Uncovering Bias in Personal Informatics
This addresses bias issues in personal informatics systems used by billions for health monitoring, which has practical and ethical implications, though it is incremental as it builds on existing bias research in a specific domain.
The study conducted the first comprehensive empirical and analytical investigation of bias in personal informatics systems, finding that biases exist in data generation and machine learning processes, with minority groups like users with health issues and females being most affected, including intersectional biases.
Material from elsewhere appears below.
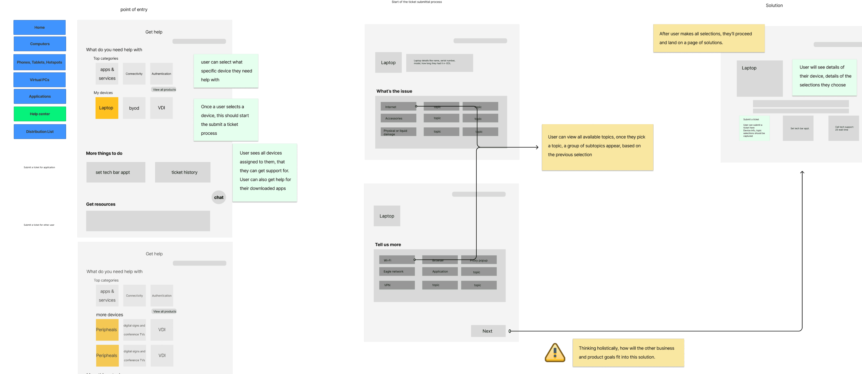 → Design Decision: Designed adaptive forms that show relevant fields based on user device type selected. If an associate selects "Mobile Phone" as their issue category, the form surfaces mobile-specific options instead of showing irrelevant desktop/laptop fields

Personal informatics (PI) systems, powered by smartphones and wearables, enable people to lead healthier lifestyles by providing meaningful and actionable insights that break down barriers between users and their health information. Today, such systems are used by billions of users for monitoring not only physical activity and sleep but also vital signs and women's and heart health, among others. Despite their widespread usage, the processing of sensitive PI data may suffer from biases, which may entail practical and ethical implications. In this work, we present the first comprehensive empirical and analytical study of bias in PI systems, including biases in raw data and in the entire machine learning life cycle. We use the most detailed framework to date for exploring the different sources of bias and find that biases exist both in the data generation and the model learning and implementation streams. According to our results, the most affected minority groups are users with health issues, such as diabetes, joint issues, and hypertension, and female users, whose data biases are propagated or even amplified by learning models, while intersectional biases can also be observed.